Mysterious Tiger Woods conspiracy remains unsolved 24 years after PGA Championship win

There is no doubt that Tiger Woods won the 2000 PGA Championship at Valhalla.
But how Woods won it is still questioned 24 years later.
Some believe that simple good luck intervened in Woods' favor during a tense three-hole playoff with Bob May, who already was an unlikely final opponent for a young golfer taking over his sports world.
Others insist that something unnatural happened, which might include someone kicking Woods' ball and helping him win the major.
The mystery (or conspiracy) involved the third hole of the playoff.
Woods eventually held on to win, beating May by one stroke, while unveiling his dramatic 'Putt and Point' celebration.
But without a lucky bounce out of nowhere, May could have hoisted the trophy that Woods claimed.
"Do you think someone either kicked it or threw it back in that direction?" announcer Jim Nantz said. "It didn't react naturally, did it?"
"No, it didn't at all," announcer Ken Venturi replied.
"I sure hope someone didn't slap it back," Nantz said.
"It could have been someone jumped up and hit it with their hand," Venturi said.
The golf world might never know.
Since the wild shot and subsequent roll happened 24 years ago, cameras weren't as precise and on-course TV angles weren't as plentiful.
Golfers are regularly exposed by eagle-eyed fans in the current era.
In 2000, the two primary TV broadcasters could only wonder out loud -- and social media didn't exist to question, dissect and over-analyze everything.
"I think I saw something that shouldn’t have happened happen to that ball,” a fan on course in 2000 told .
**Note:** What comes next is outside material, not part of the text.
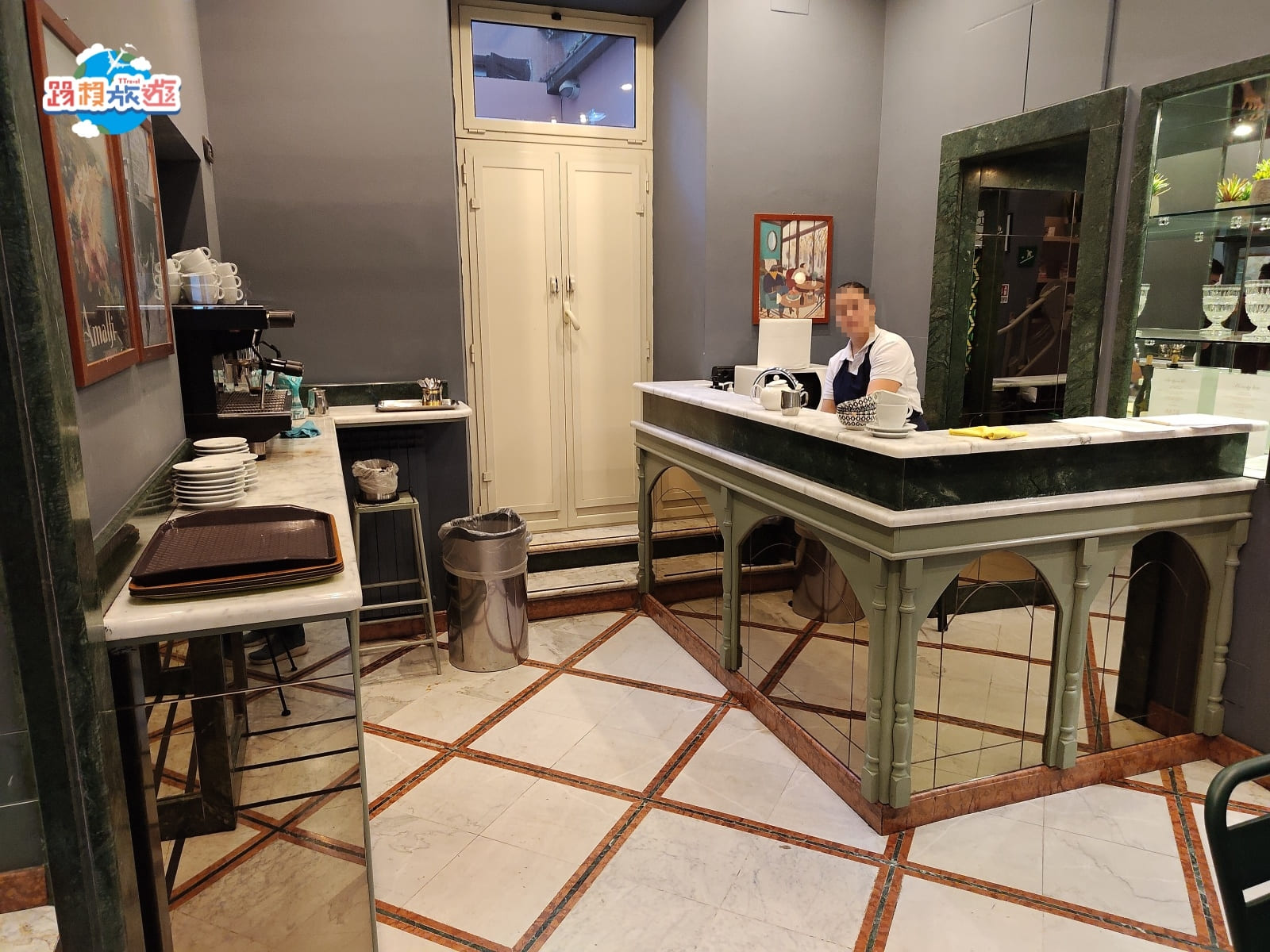 在座位區的中間有咖啡機,但建議來到義大利可以直接跟吧台點手沖咖啡,喝起來會更有味道

Another fan saw something different.
"It honestly did take a heck of a roll [down the path],” the fan said. “If you want to say he got helped, it was where his drive finished. That’s usually high grass. But it was beaten down so he had a clean shot.
"Tiger winning was the natural outcome. Sometimes the golf gods have to intervene in ways we don’t know.”
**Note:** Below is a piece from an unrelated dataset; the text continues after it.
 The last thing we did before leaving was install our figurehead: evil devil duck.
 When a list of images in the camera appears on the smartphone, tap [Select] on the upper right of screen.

Whatever happened, Woods won.
He edged May by one stroke in a three-hole playoff, eventually winning four consecutive majors for a Tiger Slam.
Woods' lucky ball might have been fan- or course-aided.
What's obvious more than two decades later is that he was on top of the golf world in 2020, and nothing was getting in Woods' way.
Rory McIlroy, Brooks Koepka and Woods are among the stars trying to hoist another trophy as the PGA Championship returns to Valhalla in 2024.
While Xander Schauffele leads the field after a blistering 9-under par 62, Woods is now focused on making the cut.
He's tied-for-85th following a 1-over par 72.